_WHAT THIS TASK INVOLVES_
Every record below must be written out exactly. Leave out the pictures.

_EXERCISE MATERIAL_
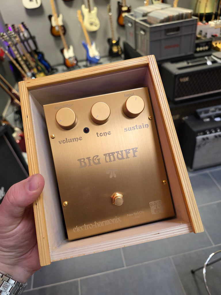 Limited to 555 pedals, this commemorative Muff is inspired by the rich history of the Big Muff Pi® and Electro-Harmonix with design elements that pay homage to the many faces of the Big Muff in a special limited-edition laser-etched golden chassis. For the first time since the 1970s, the Double Anniversary Big Muff Pi will feature the Ram’s Head circuit in a “Big Box” full-sized Big Muff Pi chassis for all of the original mojo and magic craved by the true believers.
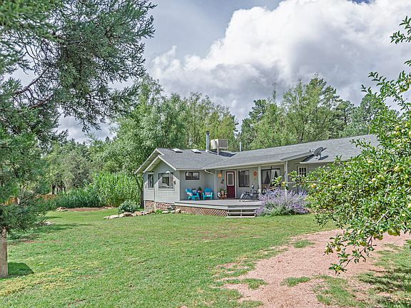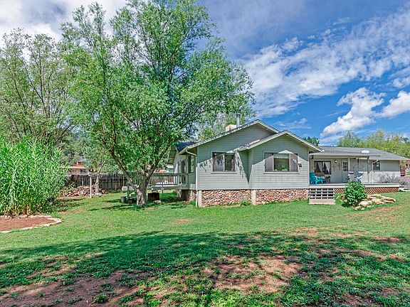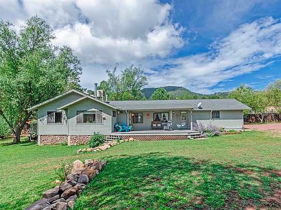 Lovely setting on .66 acre. Cozy single level home features a sunny living room with engineered wood floor, vaulted ceiling with skylight. Compact kitchen & dining area anchored by a wood stove. Quaint sunroom with sliding glass doors out to deck & side yard. Two flex rooms (office/den/play room/quilting room). Main bedroom with ensuite bath. Laundry room with storage shelves. Partially covered maintenance-free deck across front of house overlooking grassy front yard. Huge RV carport, office with 3/4 bath & kitchenette, greenhouse, 2 chicken coops, workshop, storage sheds, garden shed, water storage tank. Property is completely fenced & shaded by mature trees & several apple trees. 2-car garage. Sold in AS-IS condition with non-working solar-operated well & solar system. No HOA.
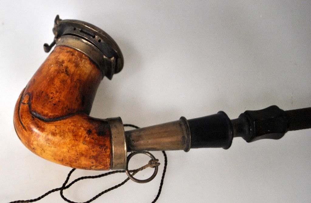 Meerschaum pipe, 19th century. Denmark. Cut with holding hand. With silver-plated lid. Length. 49 cm. Stir with, among other things, carved bone.
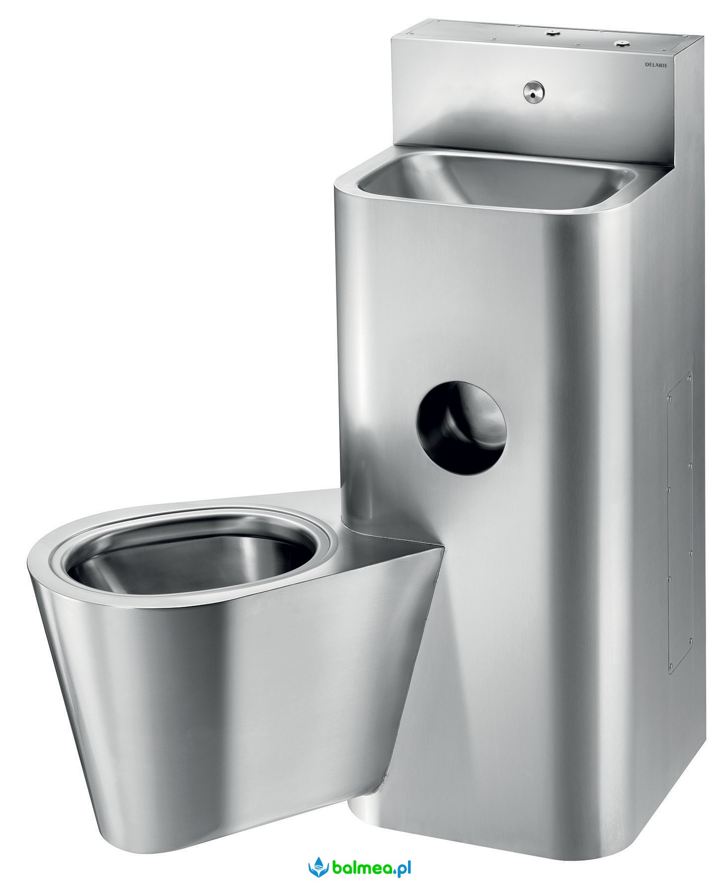WC jest całkowicie przyspawane do umywalki, brak śrub: ułatwia to czyszczenie i zapobiega ukrywaniu przedmiotów.
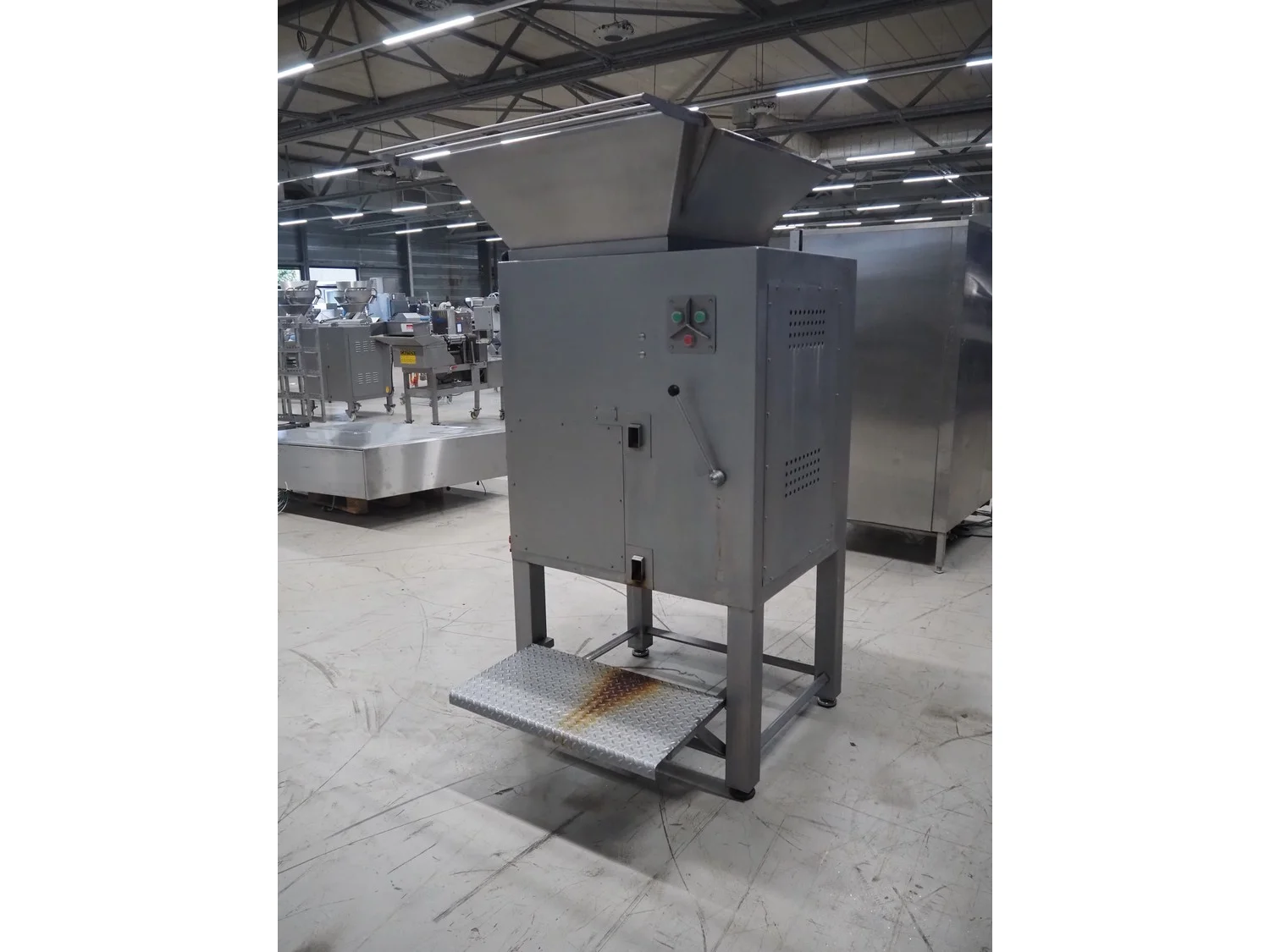 Grinder, diameter plate: 100 mm, total dimensions: 1200 mm x 1350 mm x 1960 mm. Missing plates.
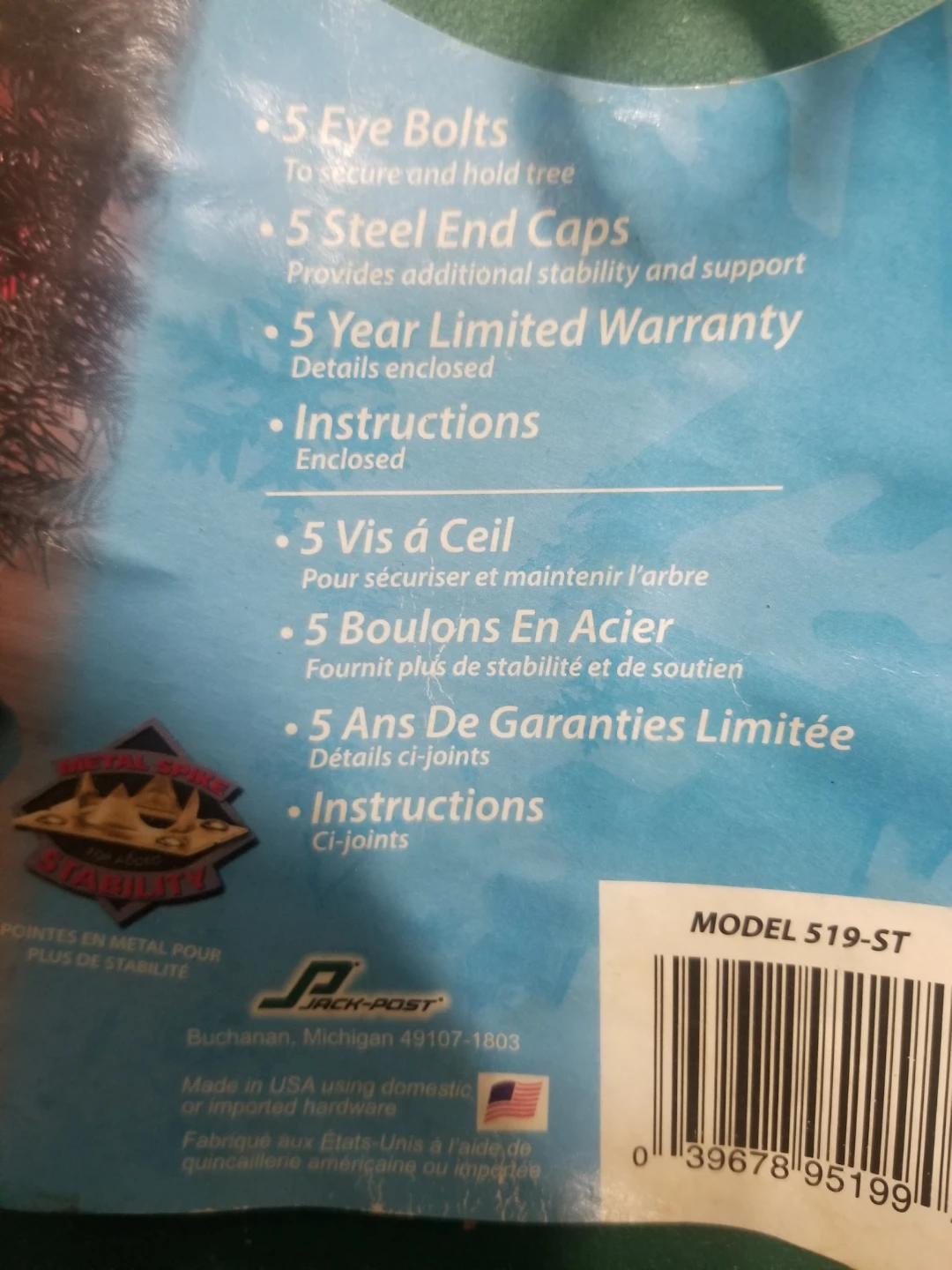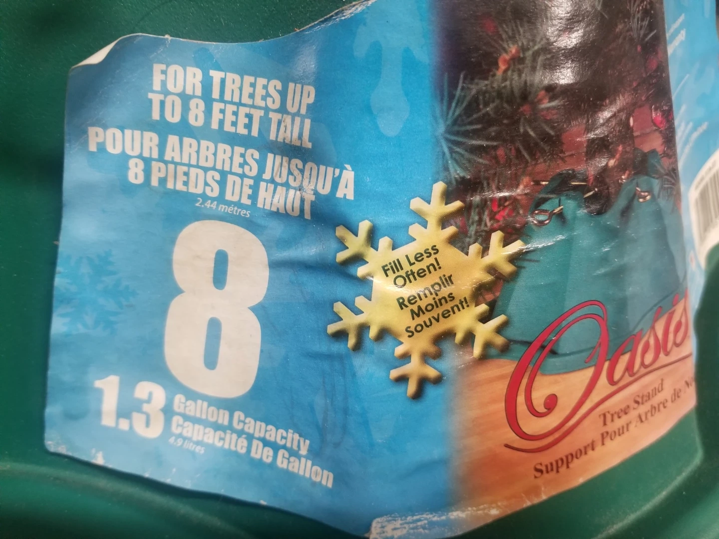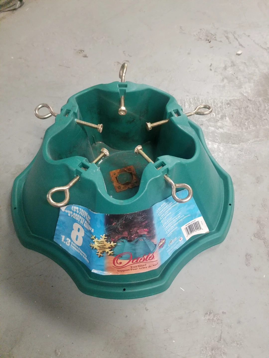Selling a Jack-Post Oasis tree stand. It's green and holds trees up to 8 feet tall. It has a 1.3-gallon capacity and includes 5 eye bolts for additional stability.
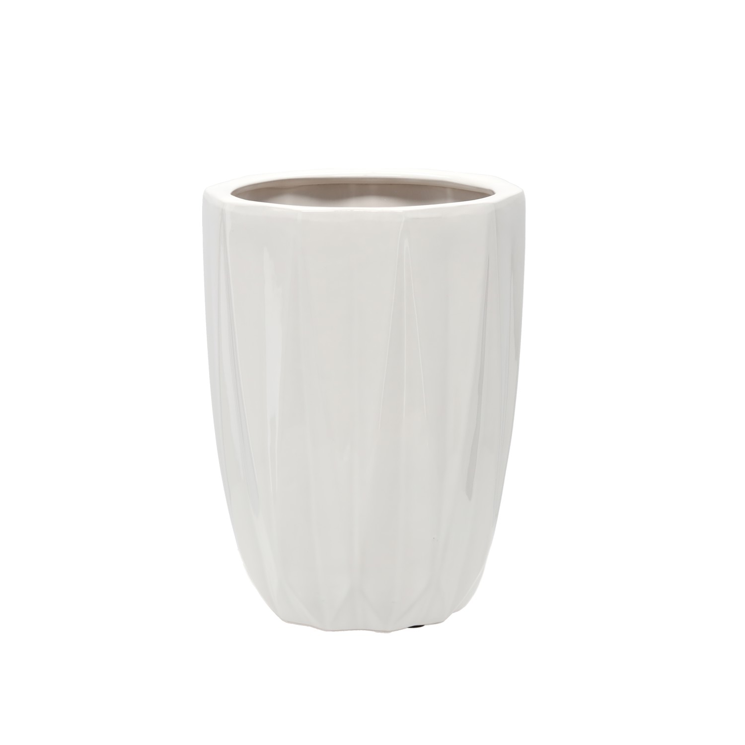 Стильный керамический кашпо белого глянца прекрасно сочетается с интерьерами в различных стилях. Он идеально подходит для зеленых растений и цветов в горшках, а его высокое качество изготовления обеспечивает долговечность и эстетичный вид на длительный период.
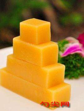 鄭州豌豆黃是一道以黃食糖、柿餅片、豌豆黃等為主要食材制作的美食。
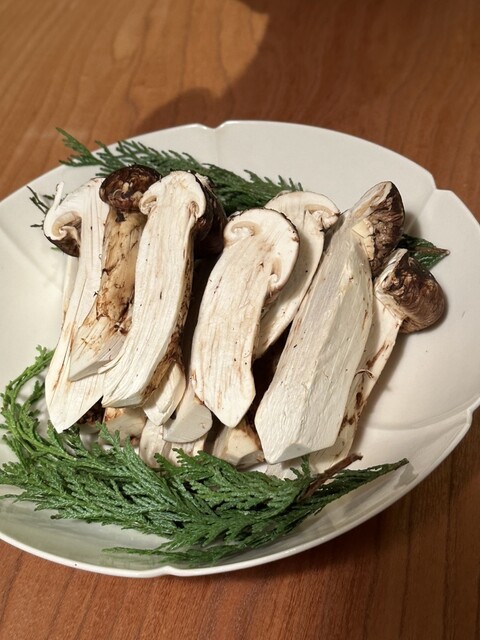 ◇長野県の松茸の炭火焼きは柚子と琴引浜の塩で食感もお味も最高です。
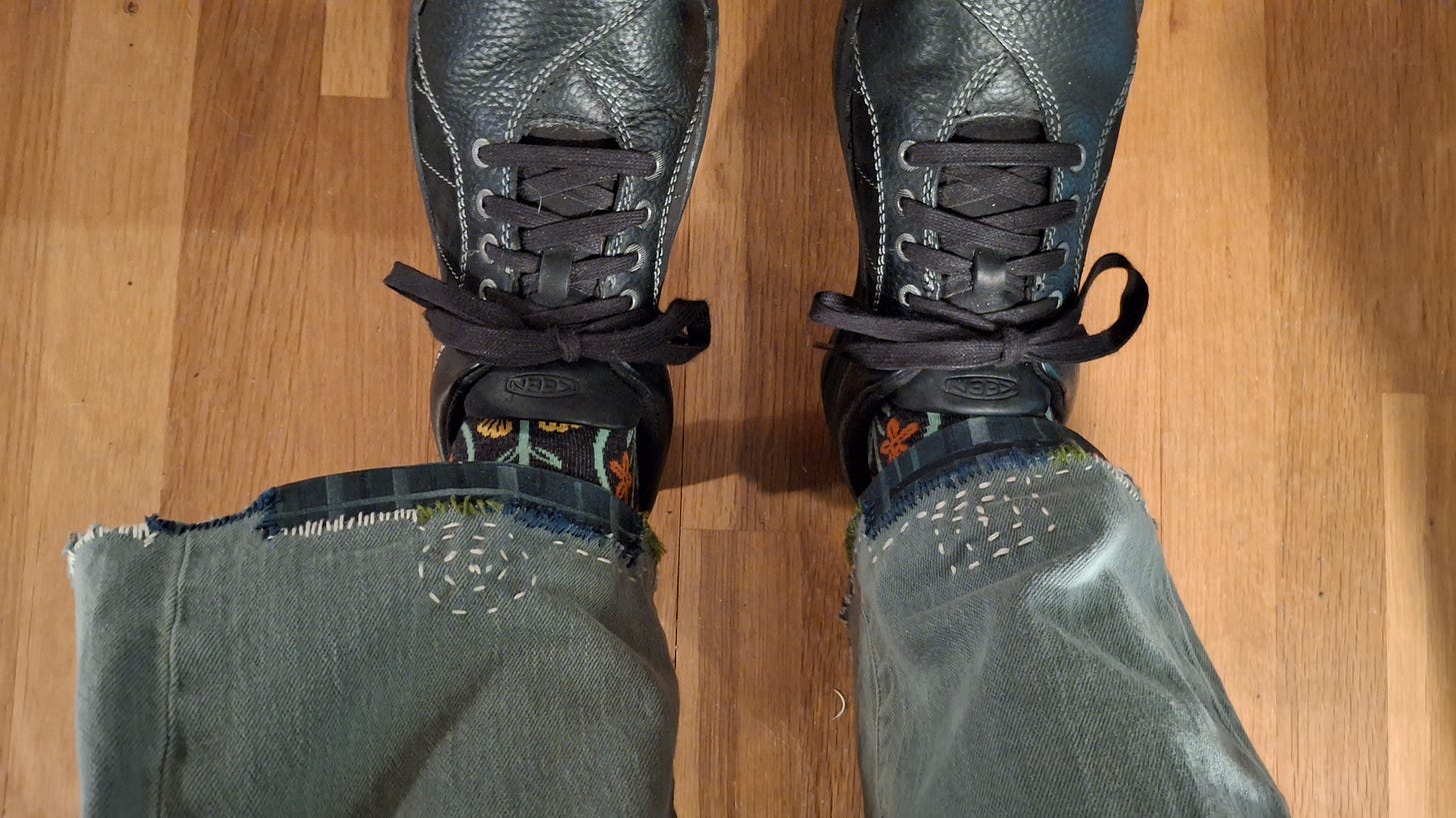 … my 5 dollar thrift store pants which are a nice color, and fit perfectly except for being too long. I did some “creative mending” and made them a better length. In the photo I'm pulling up one of the pant legs so you can see my silly stitching. These pants make me smile so for the comfort in it I chose to wear them to my exhibit …
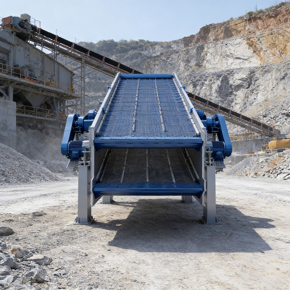 Có thiết kế trục chính xuyên trục chắc chắn không có bộ truyền động hoặc bánh răng trung gian, giúp giảm thiểu lỗi truyền động và cải thiện đáng kể độ ổn định khi vận hành. Cấu trúc này nâng cao độ tin cậy của sàng rung, ngay cả trong điều kiện sàng lọc tải nặng liên tục ở các mỏ đá.
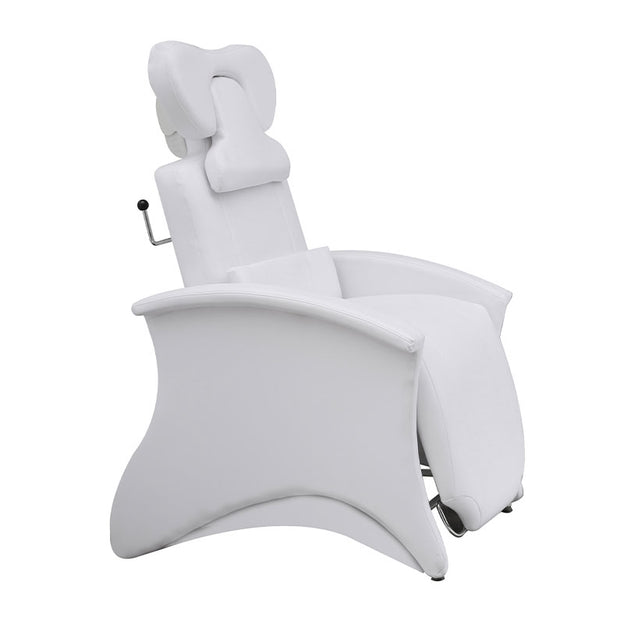 The Lotus Monroe Eyebrow/Eyelash Beauty Bed is ideal for all eyebrow and eyelash treatments including tinting, lash extensions, threading, tweezing and waxing. It features adjustable leg rest, a reclining back, removable head pillow and back cushion, discreet storage tray, faux leather and extra thick padding for optimum comfort.
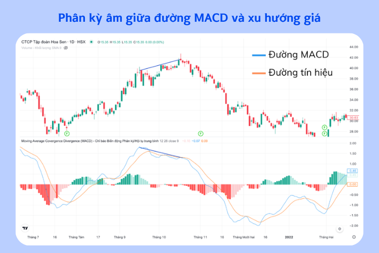 Phân kỳ âm (dấu hiệu đảo chiều giảm) xuất hiện khi đường MACD nằm ở trên và cách xa đường số 0. Đường MACD tạo đỉnh sau thấp hơn đỉnh trước trong khi giá vẫn tiếp tục tăng, điều này tạo ra tín hiệu phân kỳ xấu.
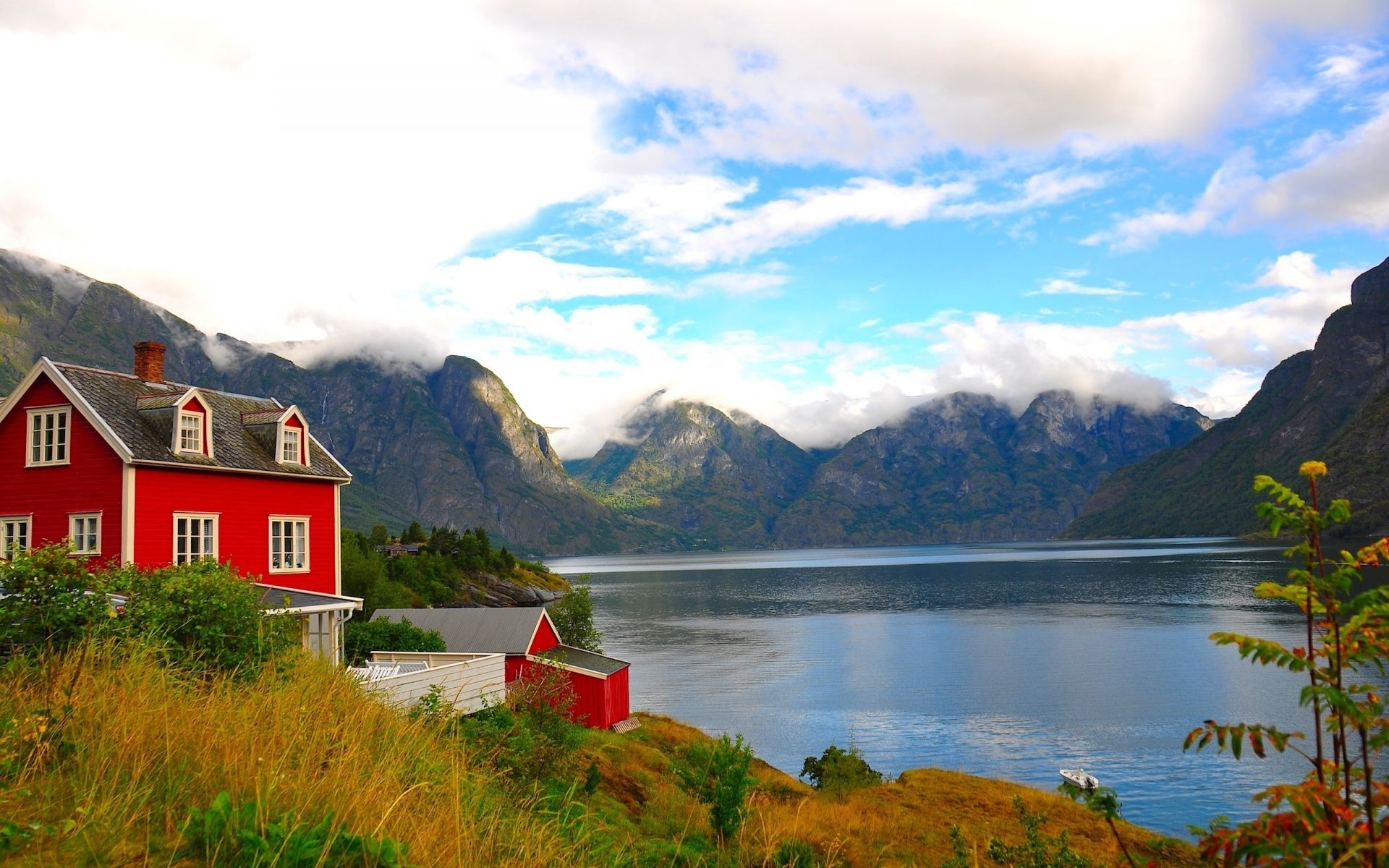 Cielo nubes casa naturaleza barco lago paisaje montaña
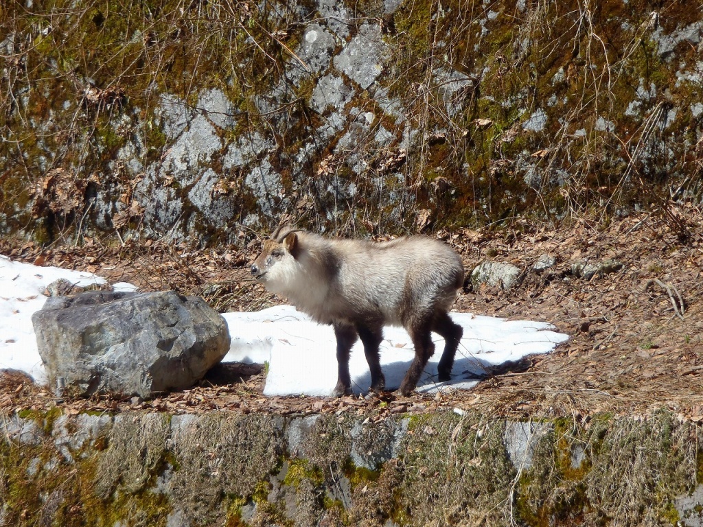 カモシカに深山荘より上流約2㌔の所で遭遇しました。

_TASK SOLUTION_
 Limited to 555 pedals, this commemorative Muff is inspired by the rich history of the Big Muff Pi® and Electro-Harmonix with design elements that pay homage to the many faces of the Big Muff in a special limited-edition laser-etched golden chassis. For the first time since the 1970s, the Double Anniversary Big Muff Pi will feature the Ram’s Head circuit in a “Big Box” full-sized Big Muff Pi chassis for all of the original mojo and magic craved by the true believers.
 Lovely setting on .66 acre. Cozy single level home features a sunny living room with engineered wood floor, vaulted ceiling with skylight. Compact kitchen & dining area anchored by a wood stove. Quaint sunroom with sliding glass doors out to deck & side yard. Two flex rooms (office/den/play room/quilting room). Main bedroom with ensuite bath. Laundry room with storage shelves. Partially covered maintenance-free deck across front of house overlooking grassy front yard. Huge RV carport, office with 3/4 bath & kitchenette, greenhouse, 2 chicken coops, workshop, storage sheds, garden shed, water storage tank. Property is completely fenced & shaded by mature trees & several apple trees. 2-car garage. Sold in AS-IS condition with non-working solar-operated well & solar system. No HOA.
 Meerschaum pipe, 19th century. Denmark. Cut with holding hand. With silver-plated lid. Length. 49 cm. Stir with, among other things, carved bone.
WC jest całkowicie przyspawane do umywalki, brak śrub: ułatwia to czyszczenie i zapobiega ukrywaniu przedmiotów.
 Grinder, diameter plate: 100 mm, total dimensions: 1200 mm x 1350 mm x 1960 mm. Missing plates.
Selling a Jack-Post Oasis tree stand. It's green and holds trees up to 8 feet tall. It has a 1.3-gallon capacity and includes 5 eye bolts for additional stability.
 Стильный керамический кашпо белого глянца прекрасно сочетается с интерьерами в различных стилях. Он идеально подходит для зеленых растений и цветов в горшках, а его высокое качество изготовления обеспечивает долговечность и эстетичный вид на длительный период.
 鄭州豌豆黃是一道以黃食糖、柿餅片、豌豆黃等為主要食材制作的美食。
 ◇長野県の松茸の炭火焼きは柚子と琴引浜の塩で食感もお味も最高です。
 … my 5 dollar thrift store pants which are a nice color, and fit perfectly except for being too long. I did some “creative mending” and made them a better length. In the photo I'm pulling up one of the pant legs so you can see my silly stitching. These pants make me smile so for the comfort in it I chose to wear them to my exhibit …
 Có thiết kế trục chính xuyên trục chắc chắn không có bộ truyền động hoặc bánh răng trung gian, giúp giảm thiểu lỗi truyền động và cải thiện đáng kể độ ổn định khi vận hành. Cấu trúc này nâng cao độ tin cậy của sàng rung, ngay cả trong điều kiện sàng lọc tải nặng liên tục ở các mỏ đá.
 The Lotus Monroe Eyebrow/Eyelash Beauty Bed is ideal for all eyebrow and eyelash treatments including tinting, lash extensions, threading, tweezing and waxing. It features adjustable leg rest, a reclining back, removable head pillow and back cushion, discreet storage tray, faux leather and extra thick padding for optimum comfort.
 Phân kỳ âm (dấu hiệu đảo chiều giảm) xuất hiện khi đường MACD nằm ở trên và cách xa đường số 0. Đường MACD tạo đỉnh sau thấp hơn đỉnh trước trong khi giá vẫn tiếp tục tăng, điều này tạo ra tín hiệu phân kỳ xấu.
 Cielo nubes casa naturaleza barco lago paisaje montaña
 カモシカに深山荘より上流約2㌔の所で遭遇しました。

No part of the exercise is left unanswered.